Rebecca Goldin (George Mason University)
Title: On some (equivariant) combinatorics related to flag manifolds
Abstract: Schubert calculus arose from 19th Century explorations of enumerative geometry, but has evolved into the study of specific rings associated with homogeneous spaces. The topic includes, for example, examining the product structure of the cohomology ring of the Grassmannian of k-dimensional subspace of complex n-space, or the equivariant cohomology ring of G/P, where P is a parabolic in a complex group G), as well as the K-theory or equivariant K-theory of the complete flag variety. In a geometrically motivated basis for each ring, the product of any two basis elements, expanded in that basis, has coefficients that are positive in an appropriate sense.
Remarkably, equivariant cohomology and K-theory–which take into account a group action by a torus T (an abelian group)–have some advantages over their non-equivariant counterparts, even as they have strictly more information. They can be described simply by a sequence of polynomials (in the case of cohomology), and rational functions (in the case of K-theory). This description is amenable to combinatorial methods and provides hope for future positive formulas on structure constants. I will give an overview of some results on positivity, as well as a geometric (but unfortunately non-positive) recursion for computing these coefficients using divided difference operators. The last part is joint work with Allen Knutson.

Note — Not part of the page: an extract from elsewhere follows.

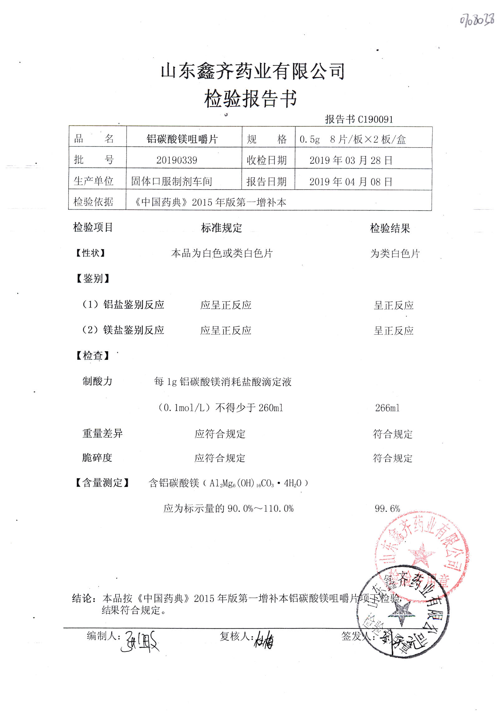 | 鋁碳酸鎂咀嚼片 | 0.5g*16s | 20190339 | 查看詳情 |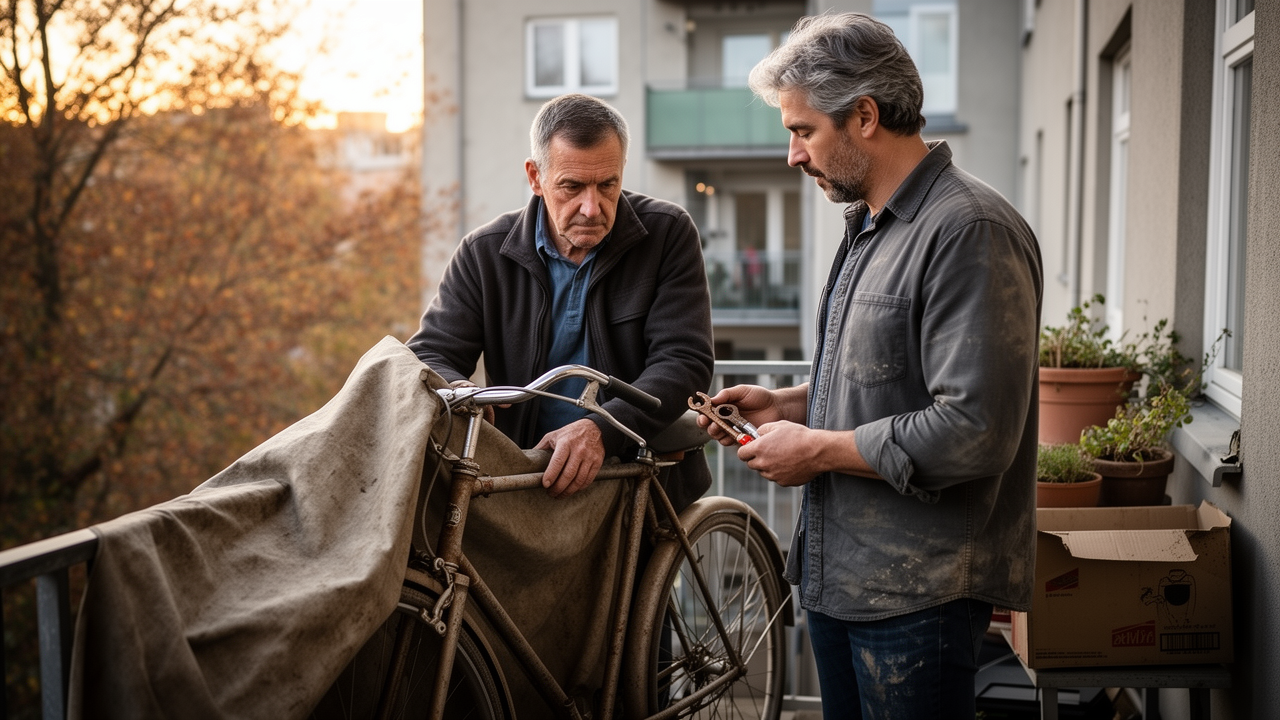 Балкон был застеклён, но холодный, с коробками и банками. Велосипед стоял у стены, накрытый старой простынёй. Отец снял простыню, как будто открывал что-то важное, и осторожно провёл ладонью по раме.

Daniel Bienstock (Columbia)
Title: Approximate nonconvex optimization and tree-width
Abstract: The intersection graph of an optimization problem has a vertex corresponding to each variable and an edge between two vertices whenever the corresponding variables appear in the same constraint. This is a classical concept dating to more than fifty years ago. In this talk we discuss how the structure of the intersection graph, in particular low tree-width, can be leveraged to produce rigorous algorithms for approximate optimization of nonconvex problems. This body of work encompasses research by other authors, and recent work by the author and collaborators. We will also discuss applications to generalization problems in machine learning.
László Babai (University of Chicago)
Title, Part 1: Global symmetry from local information: The graph isomorphism problem
Title, Part 2: Hidden irregularity vs. hidden symmetry: The emergence of the Johnson graph
Abstract: In the first talk we explain the central, group theoretic, component of the recent quasipolynomial-time algorithm to test isomorphism of graphs. The second talk outlines the combinatorial ingredients, based on coherent configurations (certain highly regular colorings of the edges of the complete directed graph).